Fig. 3: vGalDH variants.
figure 3

a-b Superposition between the substrate- and flavin-binding residues of the vGalDH crystal structure (light steel blue) and Alpha Fold–predicted mGULO (light brown)49,50. The flavin and L-galactone-1,4-lactone carbons are in yellow and cyan. Residues are labeled with the format vGLADH/mGULO. c-d Superposition between the substrate- and flavin-binding residues of the vGalDH crystal structure (light steel blue) and AlphaFold–predicted fungal ancestor’s ALO (dark cyan)49,50. The flavin and L-galactone-1,4-lactone carbons are in yellow and cyan. Residues are labeled with the format vGALDH/ALO. e–f The re-oxidation rates of sGalDHs and vGalDH proteins were measured using stopped-flow methods by following the absorbance of the oxidized flavin at 450 nm; n = 2 independent experiments, individually plotted as dots. The dotted lines correspond to the atmospheric concentration of dioxygen (0.26 mM). The experiments were performed with 5–10 μM enzyme concentrations (after mixing). Source data are provided. g Closed-up view of the flavin re side in the crystal structure of vGalDH A113G mutant. Water molecules are in red. The polder omit map was calculated by excluding the FAD and nearby water molecule and countered at 3.5 σ. h Crystal structure of vGalDH G413N variant in complex with L-gulono-1,4-lactone. The flavin carbons are in yellow and L-gulono-1,4-lactone carbons are in cyan. The polder omit map was calculated by excluding the ligand and countered at 3.5 σ. Hydrogen bonds are represented in light blue.

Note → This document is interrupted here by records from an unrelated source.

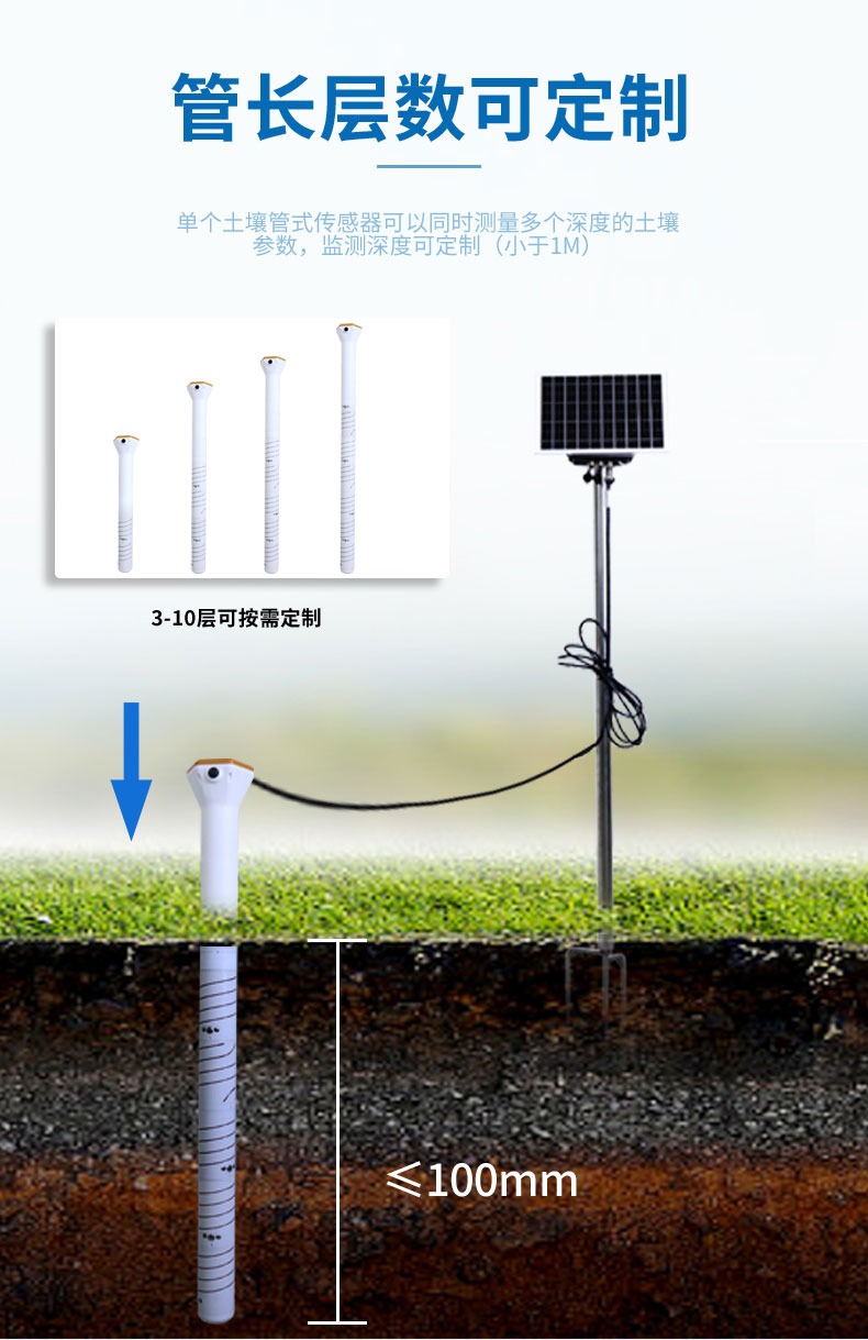 ★单个土壤管式传感器可以同时测量多个深度的土壤参数,监测深度可定制(小于1M)。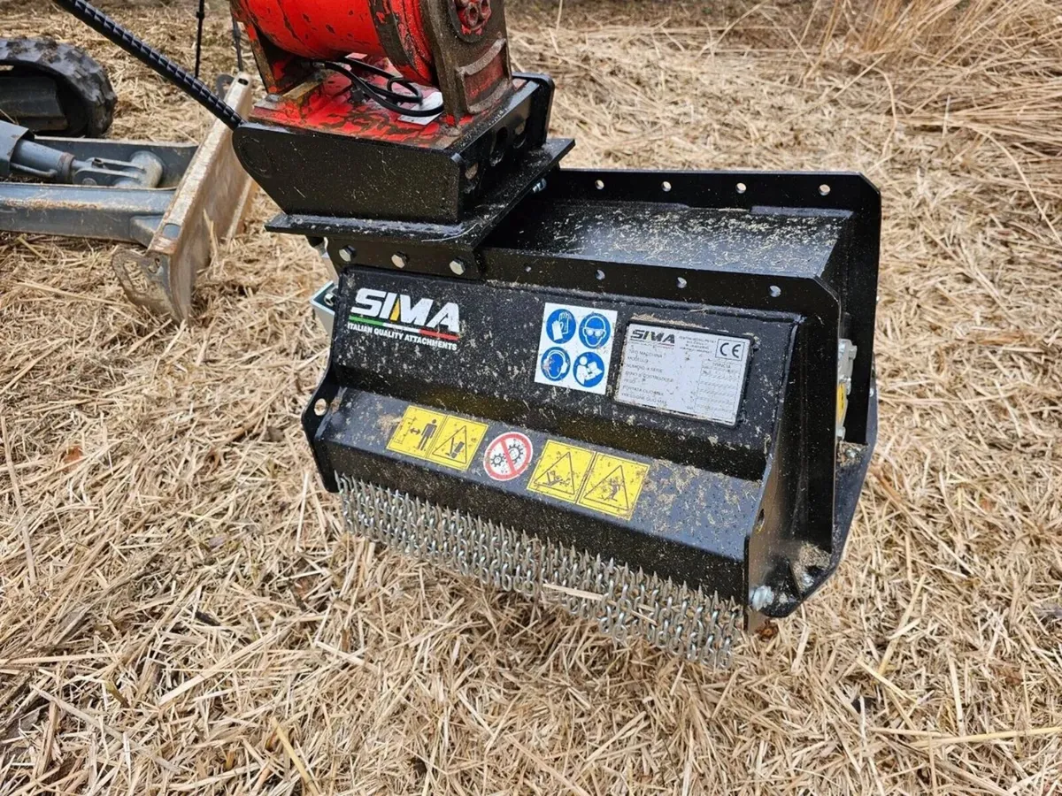 SIMA Excavator TLE Mulchers Prices start from €3,500.00 plus vat (TLE60 Model) and includes custom made hitch and mounting plate to suit your machine. Delivery included. The TLE Mulcher can be fitted on excavators from 1 to 8 ton capacity.(Kubota, Hitachi, Yanmar, Takeuchi, Komatsu, Case, Caterpillar, JCB etc) Ideal for maintenance of green and inaccessible areas, ditches, brambles, clearing of trees and branches up to 60mm. 5 hydraulic motor sizes are available to suit the hydraulic oil flow of your machine. (Not a one size motor fits all). This is to ensure that there is optimal oil flow to track and slew the excavator as normal while the mulcher is in operation. Y shaped flails/knives that provide a consistent and clean cut, require less horsepower to get up to full speed which saves on fuel economy. The Y shaped flails will shred rather than chip, producing a finer result than hammer flails. 3 Mulcher sizes available: TLE 60 - cutting width of 642mm (100kgs) - €3,500.00 plus vat TLE 80 - cutting width of 842mm (130kgs) - €3,700.00 plus vat TLE 100 - cutting width of 1042mm (150kgs) - €3,900.00 plus vat Lightweight, robust and built to last. SIMA only use the very best Italian made components . The TLE Mulchers come fitted as standard with the following equipment: - Interchangeable slides which facilitate sliding on the ground - Excavator attachment set-up which is adjustable horizontally - Pressure Regulation Valve - Hoses for hydraulic connection, and containment chains positioned on both sides to prevent material from being ejected. - Anti impact and anti-cavitation valve (Breaker lines only required) - CE Certification Please give us a call today for more information. OB Plant - Exclusive Irish agents for SIMA Quality Attachments for over 10 years. www.obplant.com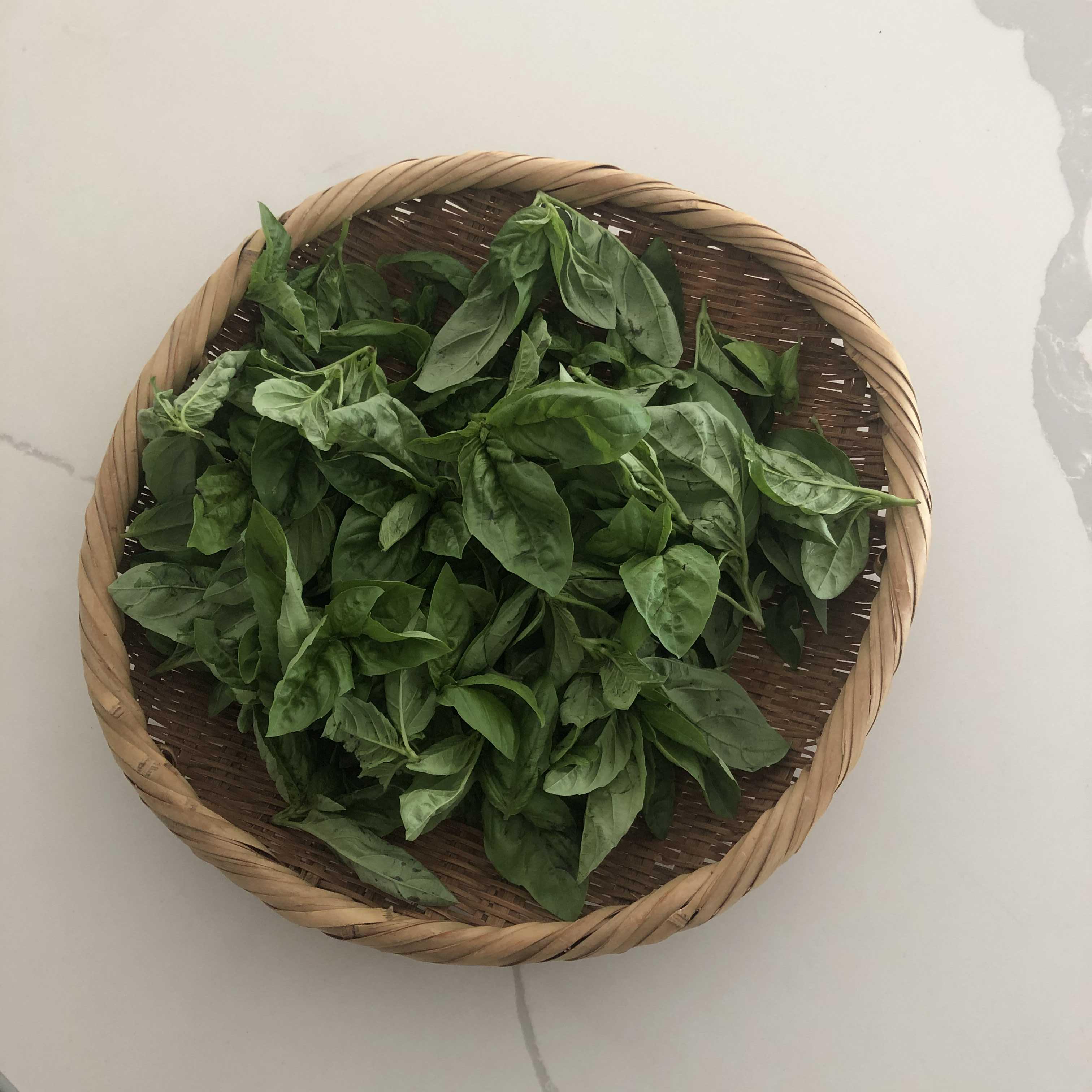 0. 바질은 물에 담가 흔들어 씻은 다음 물기가 없게 잘 말려둔다.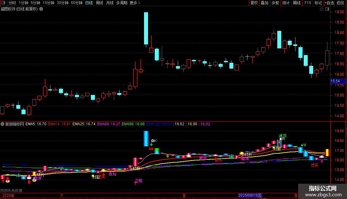 下:=EMA(中,5),COLORWHITE,LINETHICK1;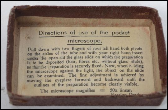 A vintage 20th century field brass miniature microscope in box along with a boxed scientific measuring glass. Tallest measures 7cm high.

A single residue is behind the substrate specificity of GalDH

In addition to the different oxygen reactivities, the key functional distinction between GalDH and GULO concerns the preference for the reductant substrates. GalDH is up to 1000-fold more efficient on L-galactono-1,4-lactone than L-gulono-1,4-lactone, whereas GULO features a less stringent specificity with only a marginal inclination (up to 10-fold) towards L-gulono-1,4-lactone (Table 1). The structural comparison shows that the only conspicuous change between the substrate-binding sites of the two enzymes is the replacement of Gly413 in GalDH to Asn363 in GULO (residue numbers refer to vGalDH and mGULO; Supplementary Table 4, Fig. 3a and Supplementary Fig. 21). We sought to unveil the role of this amino acid exchange by introducing the G413N mutation in wild-type and A113G GalDHs. The A113G-G413N proteins were poorly expressed and featured lower activities. Encouragingly, however, we found that the single G413N mutants had sustained activities. Both G413N sGalDH and vGalDH displayed a selective decrease in the KM for L-gulono-1,4-lactone and no drastic alterations in the KM for L-galactono-1,4-lactone or the respective kcat values (Table 1 and Supplementary Table 2). We further performed the crystallographic analysis of G413N vGalDH at 2.3 Å resolution using crystals that were soaked in a solution comprising L-gulono-1,4-lactone. The B-factors of the bound sugar were notably high (Supplementary Table 3). However, despite this, the electron density was of sufficient quality to conclude that the conformation and orientation of L-gulono-1,4-lactone are highly similar to that of L-galactono-1,4-lactone bound to the wild-type enzyme, with the obvious exception of the 3-hydroxyl group position (Fig. 1a, 3h). The substrate-binding environment is likewise mostly retained in the mutant structure. The only differences affect Glu386, which shifts towards Arg219 and no longer forms an H-bond with the ligand, and the newly formed H-bond between the ligand O3 and Arg388 (Fig. 3h). The carbamide group of the introduced Asn413 is nestled on the sugar ring and in van der Waals contact with the substrate O3. Collectively, these data demonstrate that the GalDH versus GULO distinction can be primarily explained by very few amino acid changes in an otherwise remarkably well-conserved catalytic cavity.

Discussion

By using ancestral sequence reconstruction, we sought insights to decipher the biochemical features of the aldolonolactone oxido-reductases at the emergence of the major clades in Eukarya evolution. The dehydrogenase lineage features an alanine residue at the site in direct contact with the flavin N5-C4a locus (Fig. 3b). This amino acid is replaced by an oxidase-enabling glycine in the progenitor of fungi and metazoa (opisthokonta ancestor, node 3 in Fig. 1b). This pivotal mutation is accompanied by the installation of the covalent flavin-protein linkage by replacing a Leu with a His side chain in proximity to the flavin dimethylbenzene ring. Subsequent conservation of this flavin-interacting Gly/His residue pair accounts for why covalent flavinylation and oxidase activity continue to represent two traits that distinguish modern fungal and animal aldonolactone oxidoreductases from their plant counterparts (Supplementary Table 4).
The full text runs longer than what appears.